The studied traits were modelled per lactation using 6 univariate test-day models summarized as follows:
y = Xβ + CDIM + QG + Zpe + e
where y was the vector of observations for each trait (i.e., milk yield, %FAT, %PROT, pBW, pDMI, and pIC); β was the vector of herd × test-day (HTD; i.e., 51,334 levels for parity 1 and 50,161 levels for parity 2); DIM was the vector related to the stage of lactation (i.e., 25 classes of 15 DIM); G was the vector of genetic effect (i.e., 191,401 levels for parity 1 and 165,033 levels for parity 2); pe was the vector of permanent environment effect (i.e., 47,175 levels for parity 1 and 36,207 levels for parity 2); e was the vector of residuals. X, C, Q, and Z were the corresponding incidence matrices assigning observations to effects.
The variance components were estimated by the restricted maximum likelihood method (REML) using the REMLF90 program developed by Misztal [18]. Heritability for each studied trait was calculated as the ratio of the genetic variance to the total variance (i.e., the sum of genetic, permanent environmental, and residual variances). Solutions for each effect were estimated using the best linear unbiased prediction (BLUP) method using the BLUPF90 program developed by Misztal [19]. In order to have a cleaned trend, the DIM tendency was assessed using the least squared means (LSMEANS) calculated from the solutions of the DIM effect obtained from the used test-day models. Similarly, the test month effect was studied by averaging per month LMEANS estimated from the HTD solutions.

3. Results

3.1. Parity Effect

The pBW of the second lactation was significantly higher than the first lactation, and the difference was 42 kg (Table 1). A significant increase occurred for pDMI between the first and second lactations (19.45 to 21.16 kg/day, Table 1). The global mean of pDMI for the first and second lactation was 20.30 kg/day. A positive difference of 3.09 kg/day was observed for milk yield between the first and second lactation. The contents of fat and protein in the first lactation were 3.98 and 3.38 g/dL of milk, which were lower than the ones observed in the second lactation (4.07 and 3.46 g/dL of milk). The pIC decreased significantly from the first lactation (0.87) to the second lactation (0.84).
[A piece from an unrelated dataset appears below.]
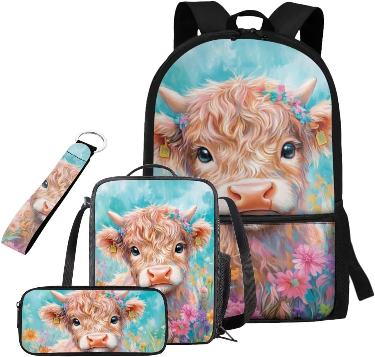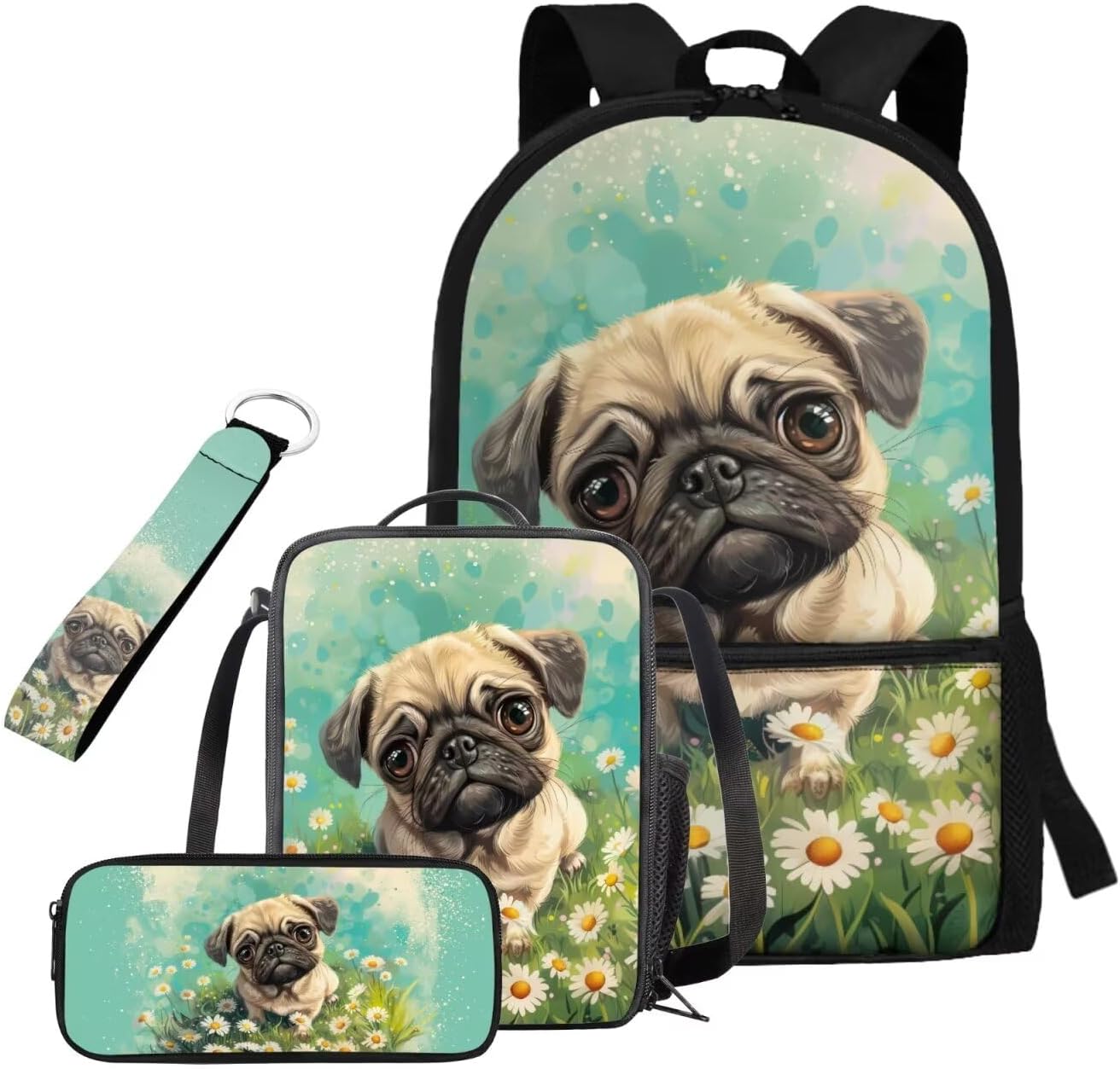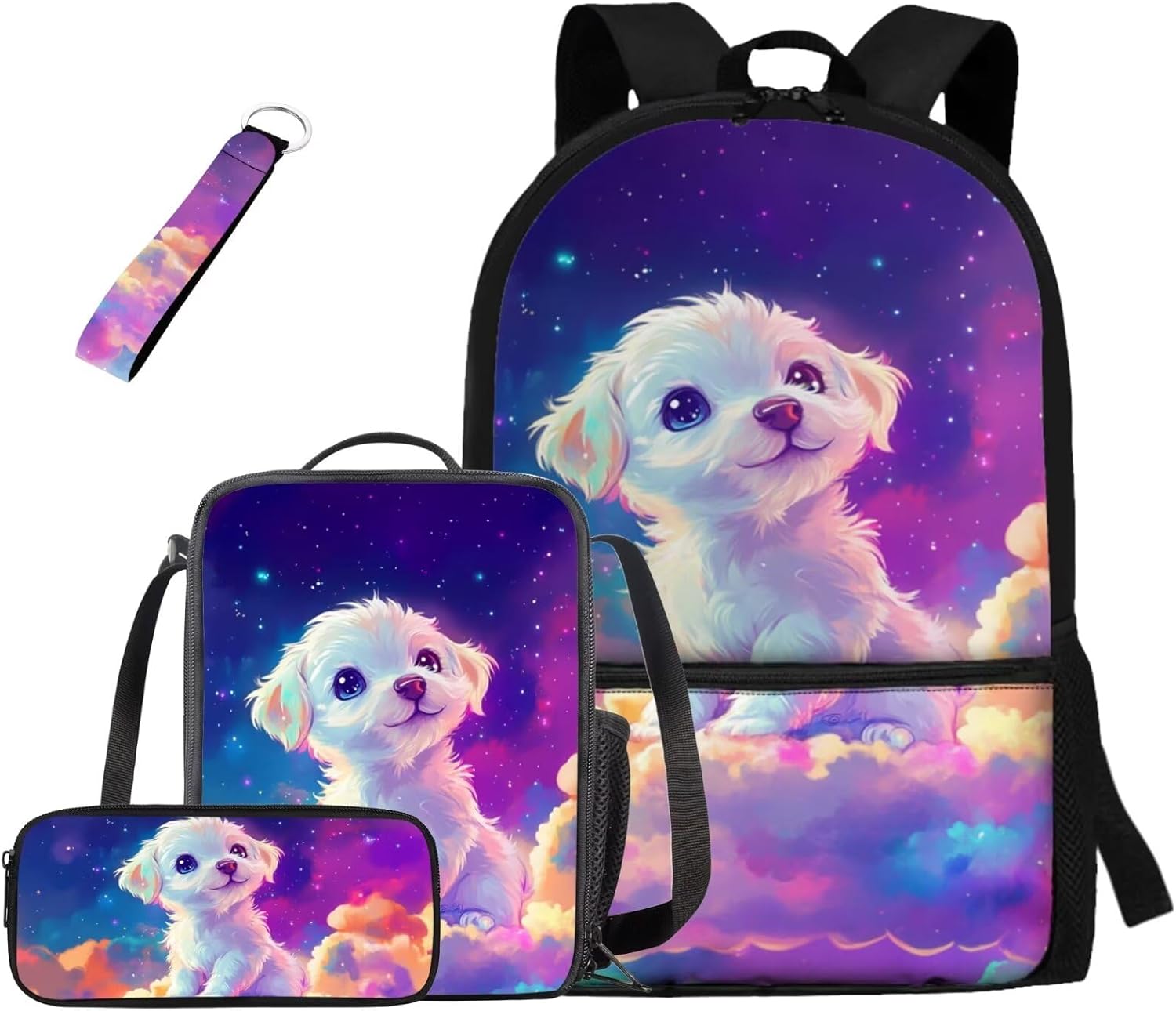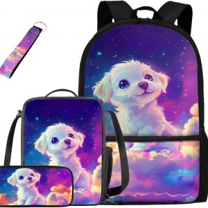 - Multifunctional Design: The 17-inch polyester schoolbag features a spacious main compartment and a front zipper pocket, making it convenient to categorize and store school supplies. The lunch bag is equipped with an insulating lining to keep the food fresh. The pen case is easy to store stationery. The Keychain can connects to the keys, smart key, wallet and bookbag

3.2. Effect of Lactation Stage

The evolution of initial predicted traits and milk yield are shown in Figure 1. The interest of this paragraph is to ensure that the predicted traits used in this study followed the expected trends. The pBW dropped to a lower point after calving and then increased slightly. The pDMI got a top peak around 2 months after calving and then decreased slowly. The peak of pDMI appeared later than the appearance of the milk peak. In brief, milk yield increased sharply compared to pDMI at the beginning of lactation, involving a negative energy balance and a loss of weight (i.e., pBW in this study). A smooth slope appears in the pIC curve, which means that the feed efficiency turned worse gently at that time.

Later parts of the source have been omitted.